All my eggs in one basket

Some may believe it to be strange that at the absolute worst time of my life, only three days after Scott, my husband of nearly twenty-four years died by suicide, I made plans to write a book.  In hindsight, it was not strange at all.  My brain was trying to stop the pain and destruction and to create some order, something I could control.  That was over three years ago and although it remains sometimes difficult to use the word suicide, I have regained control.

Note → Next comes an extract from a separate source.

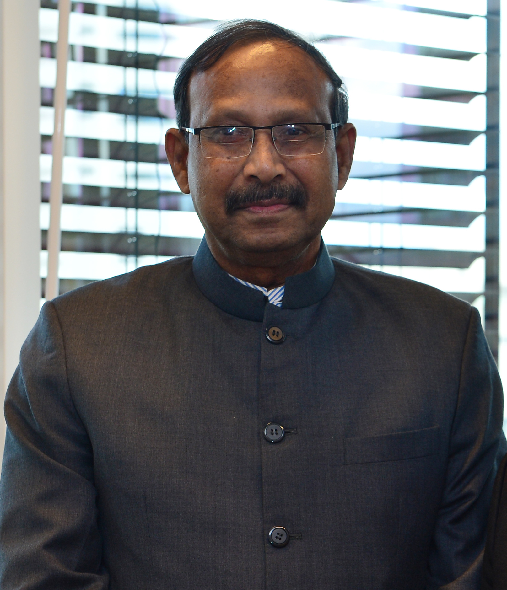 Bilateral meeting between H. E. Mr. Yeafesh Osman, Minister of State, Ministry of Science and Technology of Bangladesh, and IAEA Director General Yukiya Amano at the IAEA 57th General Conference. IAEA, Vienna, Austria. 19 September 2013. Photo Credit: Dean Calma / IAEA
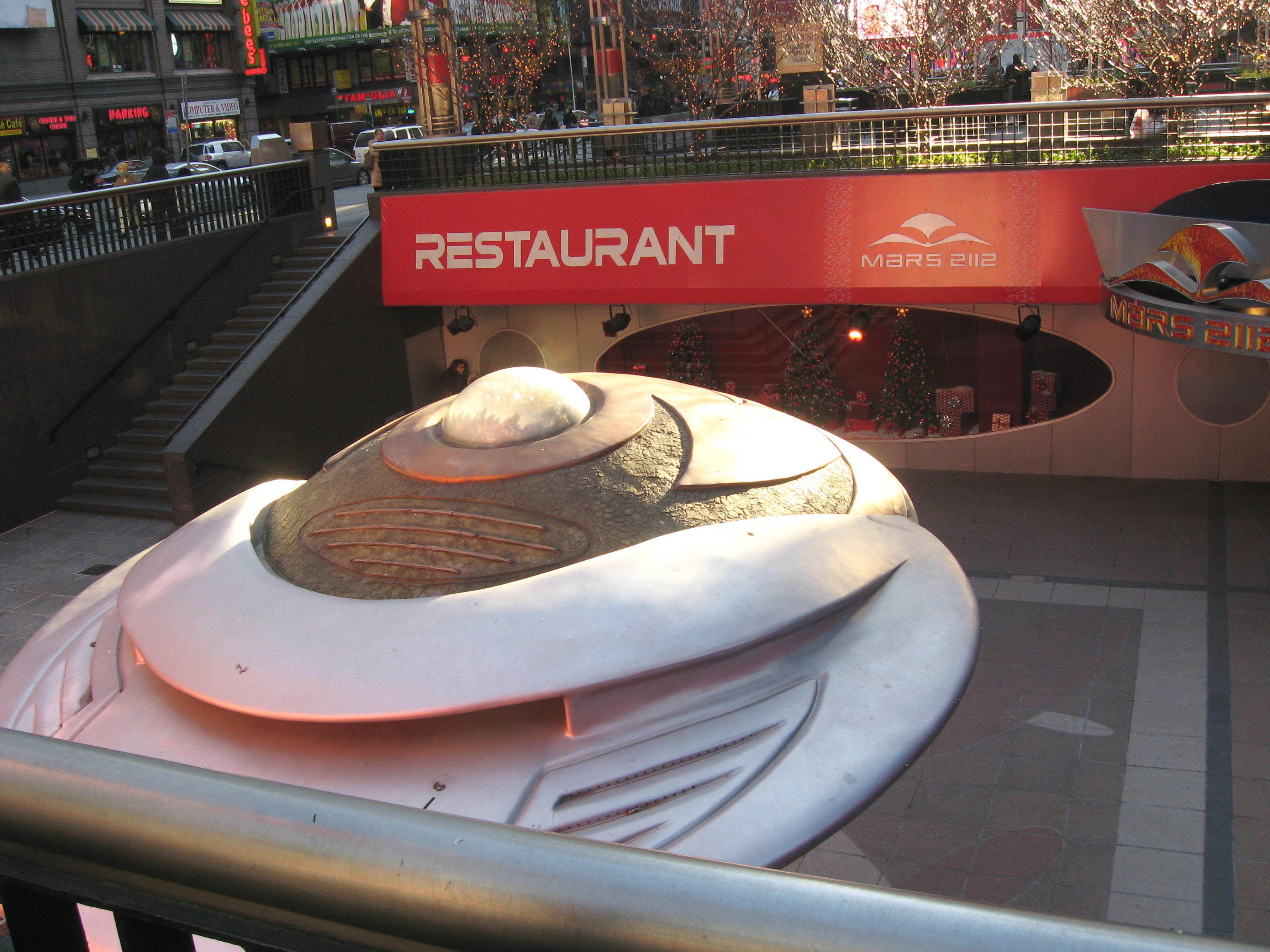 Looking south on a sunny midday at Mars 2112 flying saucer and canopy in sunken northern courtyard of Paramount Plaza. See File:Paramount Plaza south IRT W50 jeh.JPG for southern courtyard.

My intent from the very the beginning was to write a book to provide survivors, the term that is commonly applied to those closest to the deceased, with a road map, and more importantly, hope.  Almost immediately I began asking to speak with other women who had been in my position and were eventually able to experience joy again.  “Joy” is not a term I commonly used back then or even today but for some reason it’s the word my brain was looping and seeking.  What I discovered was a parade of other survivors who were exactly what I did not want to be in the future.  Stuck in their grief and most definitely not joyful.  Their situations did not give me a lot of hope.  It was quite terrifying to imagine myself feeling as miserable as they seemed to feel years after the fact.  I was desperate to find someone who had lived through it and was actually happy

Despite feeling like a fairly competent women who was used to managing complicated situations, his act of suicide completely flattened me and reduced me to someone I didn’t recognize.  As a friend reminded me, “you were frozen as to how you would change the light bulbs.”  The first year following his death can best be described as frantic.  I was frantic to breath, to make it through the next couple of minutes, to maintain sanity, to keep up with the daily chores, to gain control, to understand, to not feel, to make progress, to achieve, to recognize myself, and ultimately to find peace and joy.  I have, and I do.  All the time.  Three years ago, I was part of a couple, which also meant I wasn’t fully myself.  Today I’m fully me, and I like that person. And I’m very good at changing light bulbs.

This is my process, my path to healing.  It’s not the same path that other survivors will take but it’s my passionate hope that this book will in some way ease the pain, promote the healing, and eventually help other survivors find their version of joy.